About TAPM: The Tennessee Association of Professional Mediators promotes professional mediation as the primary approach to conflict resolution in Tennessee.
More about Justice Lee and her public service: The recipient of the 2022 Grayfred Gray Public Service in Mediation Award is Tennessee Supreme Court Justice Sharon G. Lee. Justice Lee has made enduring contributions to Tennesseans through her strong support of mediation of court disputes, especially during the COVID pandemic. She spearheaded the launch and implementation of the Tennessee Supreme Court ADR Plan that encouraged state courts to refer cases to mediation to help reduce the backlog of cases that arose during the pandemic. Later, Justice Lee worked to revise the ADR Plan to continue to make mediation more available and provide quicker, less expensive, and potentially more satisfying alternatives to continuing litigation, without impairing the quality of justice or the right to trial.
Justice Lee was appointed to the Tennessee Supreme Court in 2008 and retained by the voters in 2010 and 2014. She served as Chief Justice from 2014 to 2016. From 2004 to 2008, she served on the Tennessee Court of Appeals, being the first woman to serve on the Eastern Section of the Court in its 79-year history.
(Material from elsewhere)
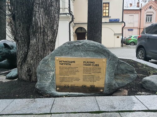 Скульптура «Играющие тигрята». Установлена перед штаб-квартирой центра «Амурский тигр» (ул. Мясницкая, 40с4). Открыта 18 августа 2017 г., в день 172-летия Русского географического общества, инициатора создания центра. Скульптура представляет собой фигуры двух амурских тигрят, играющих с ежом. Фигуры выполнены из бронзы в натуральную величину. Автор — ск. Пётр Чегодаев. В основе сюжета композиции — снимок, сделанный фотоловушкой.

Justice Lee practiced law in her hometown of Madisonville from 1978 until her appointment to the bench in 2004. Besides representing business entities and individuals in civil and criminal matters, she was the attorney for Monroe County, the City of Madisonville, and the City of Vonore. She also served as the Madisonville municipal judge. Justice Lee was a Rule 31 listed family mediator with advanced family domestic violence training. She is admitted to practice in the Supreme Court of the United States. Justice Lee attended Vanderbilt University and received a degree in Business Administration with high honors from the University of Tennessee, Knoxville. She earned her law degree from the University of Tennessee College of Law.